论文笔记：UnsuperPoint: End-to-end Unsupervised Interest Point Detector and Descriptor

2020年4月20日

SuperPoint 的工作取得了巨大的成功，但是有一个非常明显的问题就是训练和真值获取非常困难（采用仿真辅助）。在实际场景中，想要进行人工标注再 finetune 是比较难的。因此本文提出了一种无监督学习的方式同时获得关键点与描述子，虽然无监督，但是在数据集上取得了很好效果的同时也达到了很快的速度。

1 网络设计

本文的网络设计大体与 SuperPoint 一致，但是在 head 设计上面有很多细节不同，主要是 SuperPoint 主要使用分类方式离散地定位关键点坐标、是否为关键点等信息。在 UnsuperPoint 中，作者使用了 score map 作为关键点置信度指标、使用回归 offset 方式进行关键点定位。它的网络设计如下：

1.1 Backbone Module

本文的 Backbone module 与 SuperPoint 类似是一个 FCN 的网络结构，每一层都是两个 conv + maxpooling，总共进行了3次下采样，通道数分别是：32-32-64-64-128-128-256-256。
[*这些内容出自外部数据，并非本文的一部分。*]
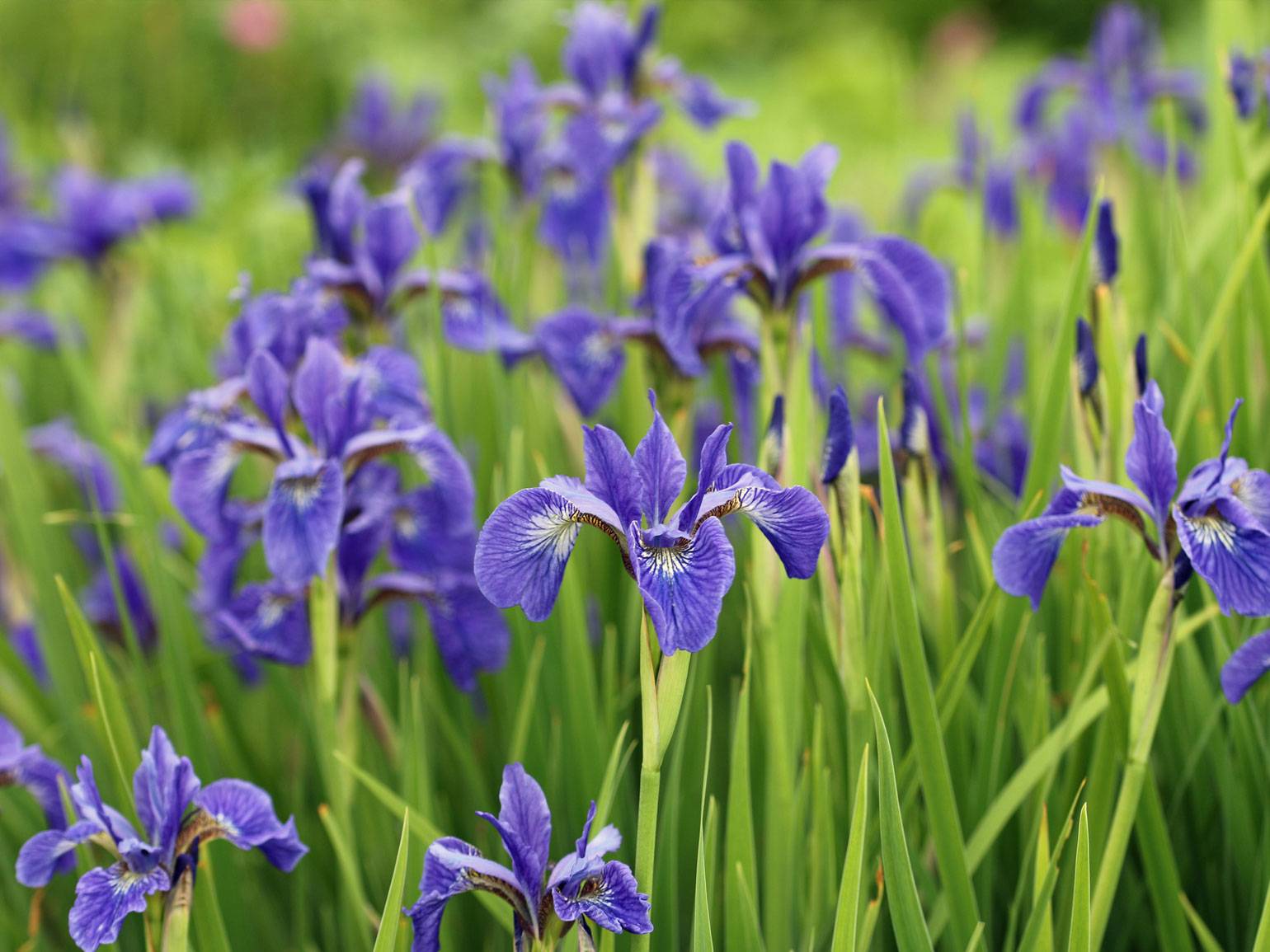 Ирисы, особенно сибирские и болотные сорта, хорошо подходят для участков с рассеянным светом. Растение представляет собой плотные кусты с узкими листьями насыщенного зелёного цвета, которые сохраняют декоративность с весны до осени. Цветки крупные, изящные, чаще всего в сине-фиолетовой, белой или жёлтой гамме. Цветение приходится на май — июнь.

那么在最终的 feature map 上一个点对应于原图中 8x8 大小的区域。

1.2 Score Module $S_{map}$

Score module $S_{map}$ 通过回归的方式得到每个点是否为关键点的分数，或者说置信度（[0-1]之间），它由 conv-256 + conv-1 构成，激活函数是 sigmoid。和传统方法一样，这一分数用来选择 top N 的关键点。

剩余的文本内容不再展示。